= Interpacket gap =

Pause between sending network packets

In computer networking, the interpacket gap (IPG), also known as interframe spacing, or interframe gap (IFG), is a pause which may be required between network packets or network frames. Depending on the physical layer protocol or encoding used, the pause may be necessary to allow for receiver clock recovery, permitting the receiver to prepare for another packet (e.g. powering up from a low-power state) or another purpose. It may be considered as a specific case of a guard interval.

==Ethernet==
Ethernet devices must allow a minimum idle period between transmission of Ethernet packets. A brief recovery time between packets allows devices to prepare for reception of the next packet. While some physical layer variants literally transmit nothing during the idle period, most modern ones continue to transmit an idle pattern signal. The standard minimum interpacket gap for transmission is 96 bit times (the time it takes to transmit 96 bits of data on the medium). The time is measured from the end of the frame check sequence of one frame to the start of the preamble for the next.

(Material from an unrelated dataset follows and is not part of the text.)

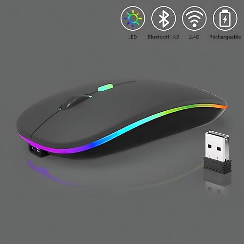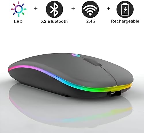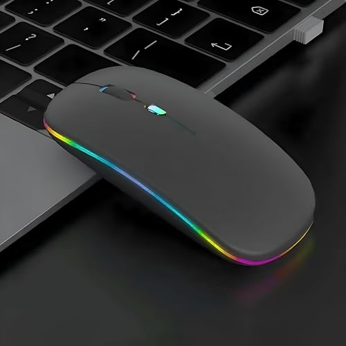 Generic - ماوس بلوتوث لاسلكي - نقرات صامتة، اضاءة RGB، تصميم نحيف وخفيف، قابل لاعادة الشحن بمنفذ USB لاجهزة اللابتوب والكمبيوتر وماك والالعاب والمكتب، اسود مع ضوء دافئ

During data reception, some interpacket gaps may be smaller due to variable network delays, clock tolerances (all speeds), and the presence of repeaters (10 Mbit/s only).

Ethernet IPG
| Ethernet variant | Minimum transmitted IPG (96 bit times) | Minimum received IPG |
|---|---|---|
| 10 Mbit/s Ethernet | 9.6 μs | 4.7 μs (47 bit times) |
| 100 Mbit/s (Fast) Ethernet | 0.96 μs | 0.96 μs (96 bit times)^{[dubious – discuss]} |
| Gigabit Ethernet | 96 ns | 64 ns (64 bit times) |
| 2.5 Gigabit Ethernet | 38.4 ns | 16 ns (40 bit times) |
| 5 Gigabit Ethernet | 19.2 ns | 8 ns (40 bit times) |
| 10 Gigabit Ethernet | 9.6 ns | 4 ns (40 bit times) |
| 25 Gigabit Ethernet | 3.84 ns | 1.6 ns (40 bit times) |
| 40 Gigabit Ethernet | 2.4 ns | 200 ps (8 bit times) |
| 50 Gigabit Ethernet | 1.92 ns | 160 ps (8 bit times) |
| 100 Gigabit Ethernet | 960 ps | 80 ps (8 bit times) |
| 200 Gigabit Ethernet | 480 ps | 40 ps (8 bit times) |
| 400 Gigabit Ethernet | 240 ps | 20 ps (8 bit times) |

Some manufacturers design adapters transmitting with a smaller interpacket gap for slightly higher data transfer rates. That can lead to data loss when mixed with standard adaptors.

==Fibre Channel==
For Fibre Channel, there is a sequence of primitives between successive frames, sometimes called interframe gap as well. The minimum sequence consists of six primitives, IDLE|IDLE|R_RDY|R_RDY|IDLE|IDLE. Each primitive consists of four channel words of 10 bits each for 8b/10b encoded variants (1–8 Gbit/s), equivalent to four data bytes.